What you will do: Every line of the data must be copied exactly.

Dataset excerpts:
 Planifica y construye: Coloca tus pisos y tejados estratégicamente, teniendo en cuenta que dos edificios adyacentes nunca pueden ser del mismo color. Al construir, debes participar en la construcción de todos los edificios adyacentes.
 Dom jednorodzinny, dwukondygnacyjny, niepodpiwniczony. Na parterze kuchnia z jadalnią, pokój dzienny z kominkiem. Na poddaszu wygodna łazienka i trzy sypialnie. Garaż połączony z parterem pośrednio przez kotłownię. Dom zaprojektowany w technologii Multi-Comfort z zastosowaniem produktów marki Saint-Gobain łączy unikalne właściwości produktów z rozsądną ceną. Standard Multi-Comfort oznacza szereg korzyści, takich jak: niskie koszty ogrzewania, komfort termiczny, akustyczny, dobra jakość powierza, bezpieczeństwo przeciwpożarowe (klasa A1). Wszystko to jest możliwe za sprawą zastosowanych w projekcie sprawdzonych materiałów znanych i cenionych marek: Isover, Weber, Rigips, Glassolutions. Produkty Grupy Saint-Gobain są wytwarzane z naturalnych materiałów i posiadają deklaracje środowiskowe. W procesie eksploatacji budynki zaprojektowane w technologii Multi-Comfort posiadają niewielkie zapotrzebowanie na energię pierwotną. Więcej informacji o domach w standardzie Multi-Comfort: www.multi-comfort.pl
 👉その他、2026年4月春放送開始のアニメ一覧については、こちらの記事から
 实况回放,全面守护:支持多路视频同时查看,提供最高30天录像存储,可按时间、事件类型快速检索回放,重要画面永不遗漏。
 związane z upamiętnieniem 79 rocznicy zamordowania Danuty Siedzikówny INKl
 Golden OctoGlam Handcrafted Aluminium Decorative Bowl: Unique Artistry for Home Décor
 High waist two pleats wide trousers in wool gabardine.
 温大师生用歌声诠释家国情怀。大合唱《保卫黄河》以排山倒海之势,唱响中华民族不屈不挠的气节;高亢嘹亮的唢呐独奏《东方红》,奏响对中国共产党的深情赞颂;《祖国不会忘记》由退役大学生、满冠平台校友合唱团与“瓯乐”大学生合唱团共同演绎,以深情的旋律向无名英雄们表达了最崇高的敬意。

Written solution:
 Planifica y construye: Coloca tus pisos y tejados estratégicamente, teniendo en cuenta que dos edificios adyacentes nunca pueden ser del mismo color. Al construir, debes participar en la construcción de todos los edificios adyacentes.
 Dom jednorodzinny, dwukondygnacyjny, niepodpiwniczony. Na parterze kuchnia z jadalnią, pokój dzienny z kominkiem. Na poddaszu wygodna łazienka i trzy sypialnie. Garaż połączony z parterem pośrednio przez kotłownię. Dom zaprojektowany w technologii Multi-Comfort z zastosowaniem produktów marki Saint-Gobain łączy unikalne właściwości produktów z rozsądną ceną. Standard Multi-Comfort oznacza szereg korzyści, takich jak: niskie koszty ogrzewania, komfort termiczny, akustyczny, dobra jakość powierza, bezpieczeństwo przeciwpożarowe (klasa A1). Wszystko to jest możliwe za sprawą zastosowanych w projekcie sprawdzonych materiałów znanych i cenionych marek: Isover, Weber, Rigips, Glassolutions. Produkty Grupy Saint-Gobain są wytwarzane z naturalnych materiałów i posiadają deklaracje środowiskowe. W procesie eksploatacji budynki zaprojektowane w technologii Multi-Comfort posiadają niewielkie zapotrzebowanie na energię pierwotną. Więcej informacji o domach w standardzie Multi-Comfort: www.multi-comfort.pl
 👉その他、2026年4月春放送開始のアニメ一覧については、こちらの記事から
 实况回放,全面守护:支持多路视频同时查看,提供最高30天录像存储,可按时间、事件类型快速检索回放,重要画面永不遗漏。
 związane z upamiętnieniem 79 rocznicy zamordowania Danuty Siedzikówny INKl
 Golden OctoGlam Handcrafted Aluminium Decorative Bowl: Unique Artistry for Home Décor
 High waist two pleats wide trousers in wool gabardine.
 温大师生用歌声诠释家国情怀。大合唱《保卫黄河》以排山倒海之势,唱响中华民族不屈不挠的气节;高亢嘹亮的唢呐独奏《东方红》,奏响对中国共产党的深情赞颂;《祖国不会忘记》由退役大学生、满冠平台校友合唱团与“瓯乐”大学生合唱团共同演绎,以深情的旋律向无名英雄们表达了最崇高的敬意。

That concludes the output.